Bibit radikalisme memang telah ada di Indonesia sejak dulu. Bahkan sejak pemberontakan DI/TII dan NII pada masa awal kemerdekaan, bibit radikalisme telah ada. Gerakan itu kemudian terus berkembang, sampai akhirnya melahirkan berbagai aksi teror di era 2000 an dan melahirkan bom bali I yang membuat banyak orang meninggal dunia.
Kini, radikalisme dan terorisme terus menyesuaikan perkembangan zaman. Di era milenial ini, pola penyebaran paham radikal tentu berbeda dengan era sebelumnya. Saat ini, media sosial menjadi sarana yang paling efektif untuk merekrut, mencari pendanaan, termasuk menyebarkan propaganda radikalisme.
Ada sebuah riset yang menyebutkan ada sekitar 120 juta pengguna media sosial di Indonesia. Sebagian besar dari angka tersebut didominasi anak muda atau generasi milenial. Apa artinya? Generasi milenial menjadi target bagi kelompok radikal untuk menjadi korban. Dan generasi milenial rawan terpapar propaganda radikalisme, yang saat ini terus dikemas sedemikian rupa menyesuaikan perkembangan zaman.

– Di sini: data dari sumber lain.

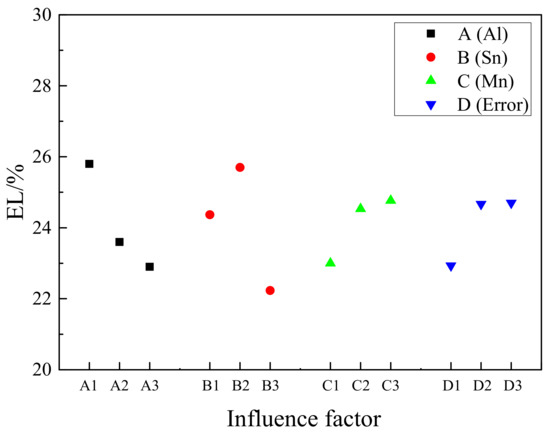 Similar to the analysis of the strength index, it can be concluded from Table 6 that the R value ranks in the order of R(B), R(A), and R(C). The Sn content has the greatest influence on the elongation, and the R value is 3.47. The second is Al, and the content of Mn has the smallest effect on the elongation. The reason is that the addition of Sn to Mg alloys can decrease the stacking fault energy of the alloys, resulting in the improved activity of basal slip system {0001} <110> and the activation of the {101} <110> and {112} <113> slip systems [30]. So, the addition of Sn makes the elongation increase. However, when excessive Sn is added, Mg2Sn hinders the movement of dislocation, resulting in the increase of the strength and decrease of the elongation. The Al element is completely dissolved into the matrix, resulting in lattice distortion. The increase of the Al content leads to the increase of lattice distortion. Then, it leads to the increase of the strength and decrease of elongation. The addition of Mn can effectively refine the grain size, leading to strength and elongation increasing at the same time.

Bahkan, kita kadang sulit membedakan mana informasi hoaks dan mana bukan. Apalagi ketika informasi itu dibungkus dengan nilai-nilai keagamaan yang dibalut kebencian, orang akan mudah percaya. Dan tanpa sadar, bibit kebencian itu terus menyebar seiring munculnya fenomena sharing tanpa saring.
Jika kita melihat data Badan Nasional Penanggulangan Terorisme (BNPT), tentu membuat kita miris. Disebutkan bahwa pelaku terorisme saat ini terbesar berpendidikan SMU sebesar 63,3 persen, lalu perguruan tinggi sebesar 16,4 persen, SMP sebesar 10,9 persen, tidak lulus perguruan tinggi sebesar 5,5 persen dan lulusan SD sebesar 3,6 persen. Sementara, jika dilihat dari sisi umur, pelaku terbesar didominasi usia 21-30 tahun sebesar 47,3 persen, lalu usia 31-40 tahun sebesar 29,1 persen. Sementara diatas 40 tahun dan dibawah 21 tahun, masing-masing sebesar 11,8 persen.
Angka-angka diatas mengkonfirmasi bahwa generasi muda memang menjadi target. Lalu, bagaimana mencegahnya? Salah satunya dengan cara menguatkan literasi media. Cek riceklah setiap informasi yang ada ke sumber yang tepat. Mulailah mempelajari ajaran agama secara benar dan bisa melihat berdasarkan konteksnya.
Berpikirlah terbuka, jangan merasa paling benar sendiri dan memandang orang lain sebagai pihak yang salah. Tanamkan nilai-nilai kearifan lokal dalam setiap perilaku dan ucapan di kehidupan nyata ataupun maya. Dan jika kita bisa melakukan pencegahan, harus ditingkatkan lagi menjadi level melawan. Yaitu, aktif menyebarkan pesan perdamaian di media sosial.